It’s a lot like asking which of these contains salt and which contains pepper.

It doesn’t matter what you think. It matters what the guy filling the shakers thought. Similarly, what matters when measuring quality is the tenant’s perception, not our own. To understand that, we’ve got to embed a feedback loop into our service delivery program. Simply put, that means asking the question after the service has been performed.

Let’s first be clear on the “when you ask” aspect to this section. When I say you should solicit feedback after the service is performed, I mean immediately. The longer the period between service delivery and feedback opportunity, the less likely you’ll receive a response and, importantly, the less likely you are to receive their honest and visceral response to the actual work you just delivered. Ideally, you want the feedback loop to commence automatically upon work completion.

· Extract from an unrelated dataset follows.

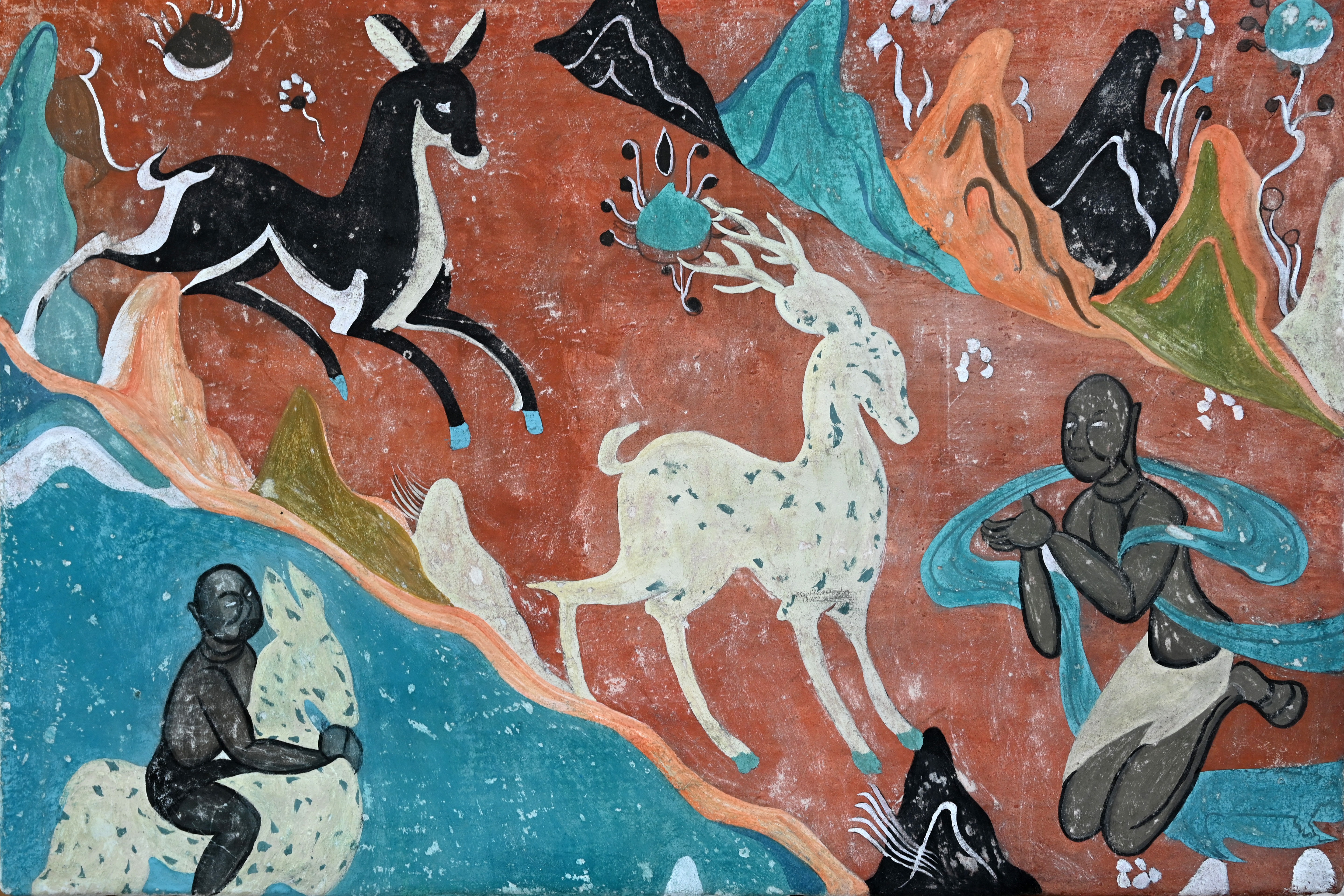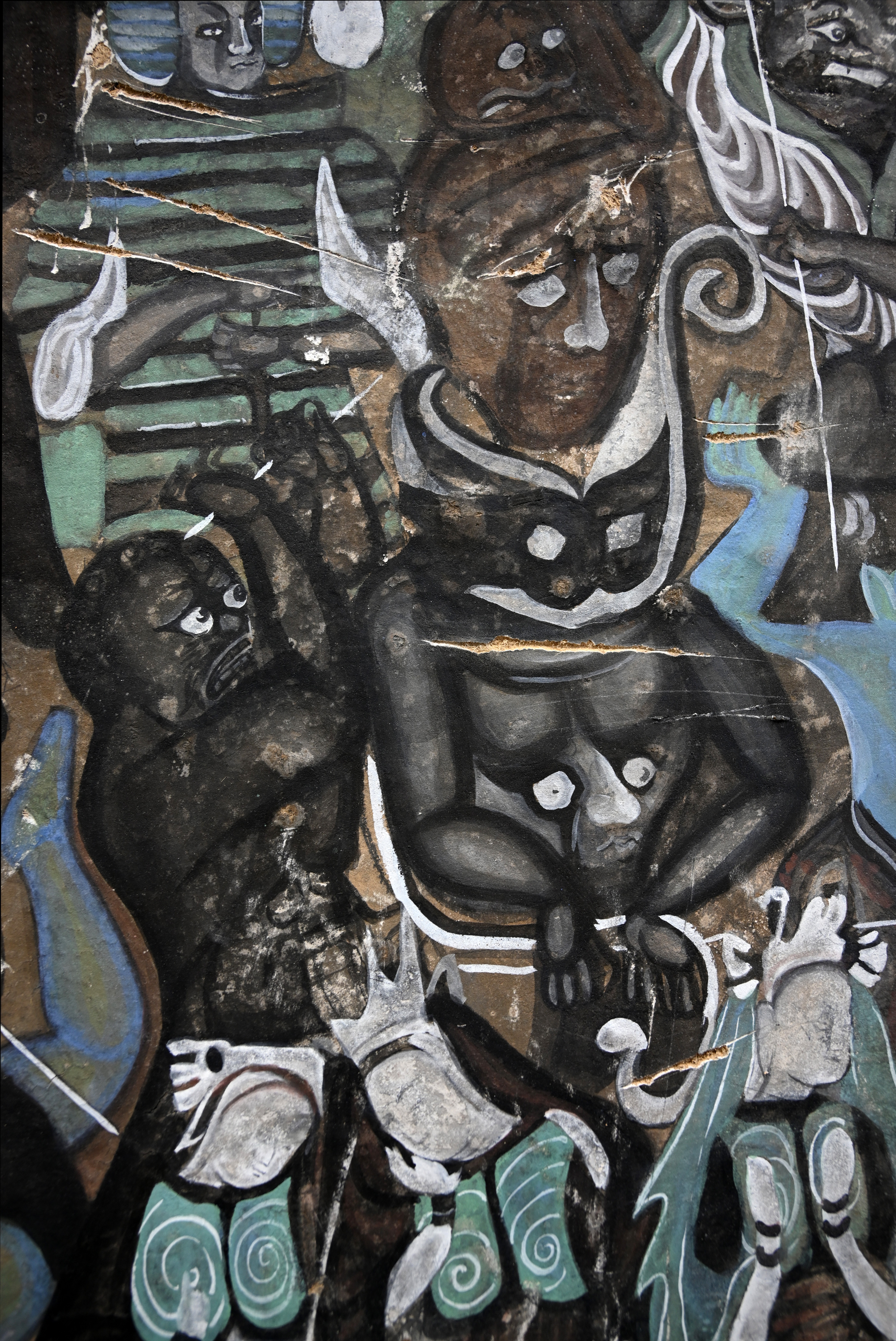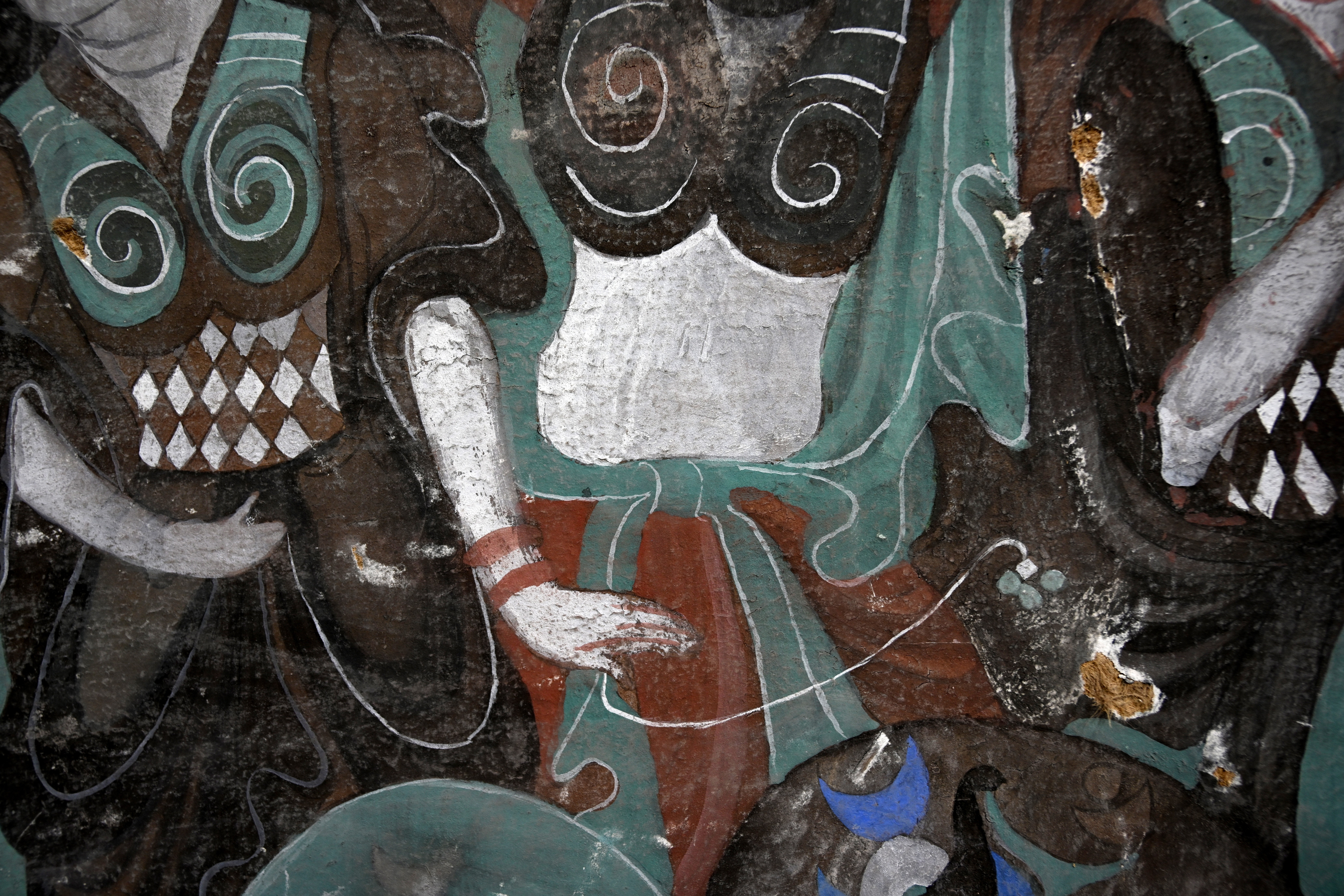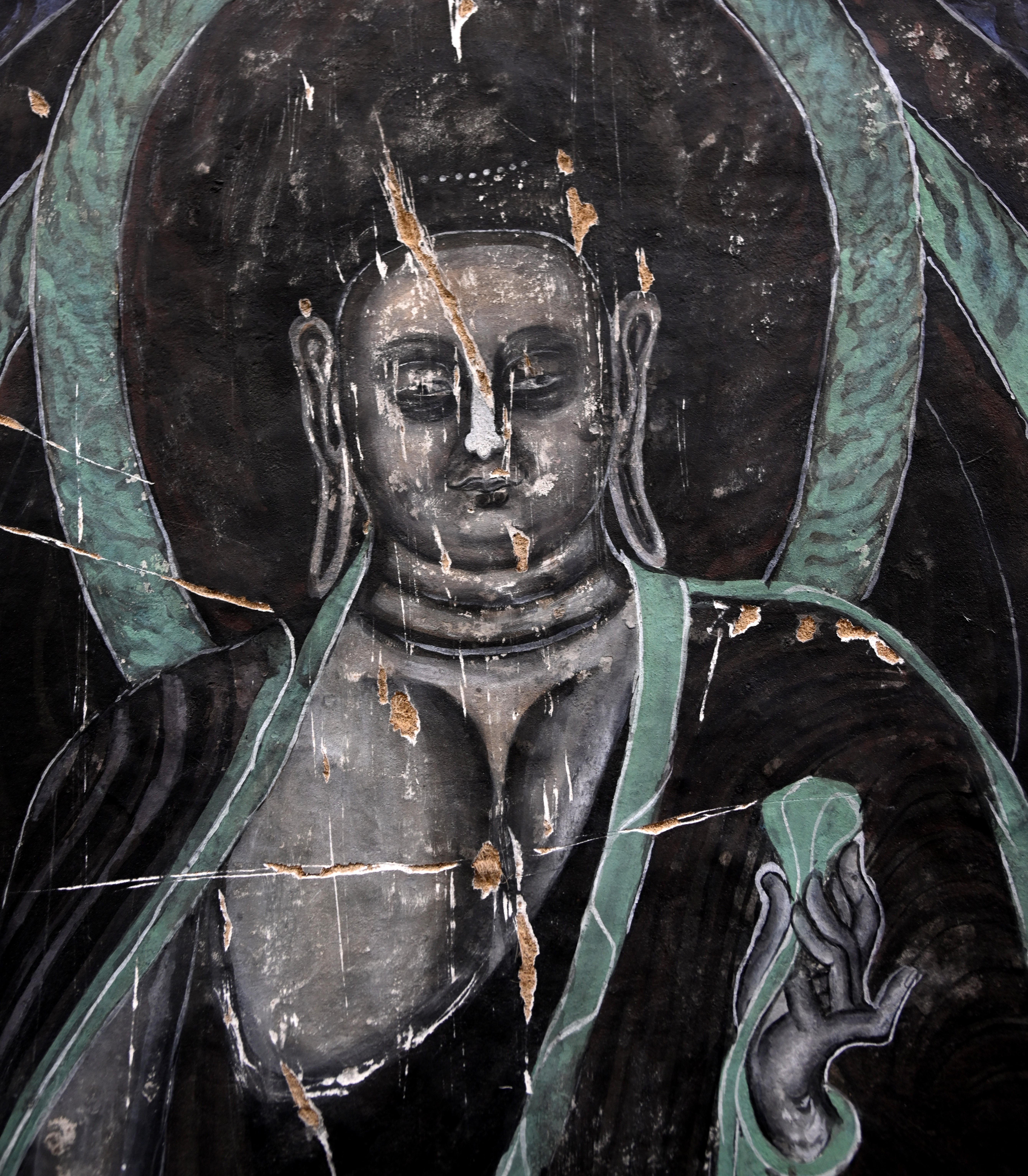 4.做旧:根据壁画现状,采用刮、刻、打磨等不同方法进行做旧。

I’ve spoken to a number of clients about the ‘how often’ to ask the question and it does vary based upon your tenant’s service request submission model. I know that sounds complicated, but it really boils down to the volume of service requests made by an individual. The more they submit (as an individual) then the frequency with which you can/should ask for feedback should be dialed back. It’s an important consideration, because too many work completed surveys to the same person is both an irritant to the individual and also presents the opportunity for feedback to be inappropriately tagged to the wrong issue.

The primary factor that will influence the individual’s service request volume is whether every tenant employee is able to submit requests or whether the tenant funnels requests via an office manager or other employee. As a general rule, if all employees (or many) can submit requests, the frequency for feedback can be dialed to a 1:1 ratio for each request because the load is spread thinly across the tenant employee community. For a funneled tenant submission model (via the office manager), the frequency will be dialed out based upon the total work order volume anticipated on a daily basis, divided by the number of authorized requestor tenant employees. I frequently hear of high work order volume anchor tenants with a funneled submission model having their feedback frequency dialed to 1:5 or 1:10 – 1 request for feedback every 5 or 10 work orders.

Now onto the “what to ask” question. Feedback is like a drug – once you get some, you want more. The problem, however, is that the more you ask, the less you get. When I visit my car dealership, I’m going to get a survey via email within 48 hours of my visit. I’ve had a few of these now and I know that, when I open it, it’s going to take me 10 minutes. Ugh. At this point, if I get that email on my phone while I’m doing something else, I usually just delete it. You may get some completions on a tenant’s first request if you’ve a lengthy list of questions requiring thoughtful and considered responses, but your response rate will drop off precipitously for their second and subsequent requests. And that decline is no good if you’re trying to measure your service quality over time.

The best advice I’ve heard is to keep your questions to the bare minimum – did we do “good, ok, or poorly” and if they rate you as anything except good, ask, “Why?” Clients adopting such a simple approach generally realize the largest response rates and receive consistent repeated feedback over time from the same tenant community.

Wrapping Up

So, if you’re looking for the simple things that make a big impact in the service delivery approach of many of our clients, think about the things that they tell me have worked:

1) Communicate the right expectation to the requestor at the time of the request. Otherwise they’ll judge you against their own.

2) Make it easy for the requestor to know what the status of their request is. Tell them proactively where possible.

3) Create standards for your service delivery program that are consistent with your building’s brand and rental rates. Assess your performance against the resulting SLAs and quality benchmarks that would be expected by tenants that want to be in this type of property. And act operate to these standards, don’t just report on them.

4) Implement a feedback loop. Ask immediately work is completed. Don’t ask too often. Don’t ask too much.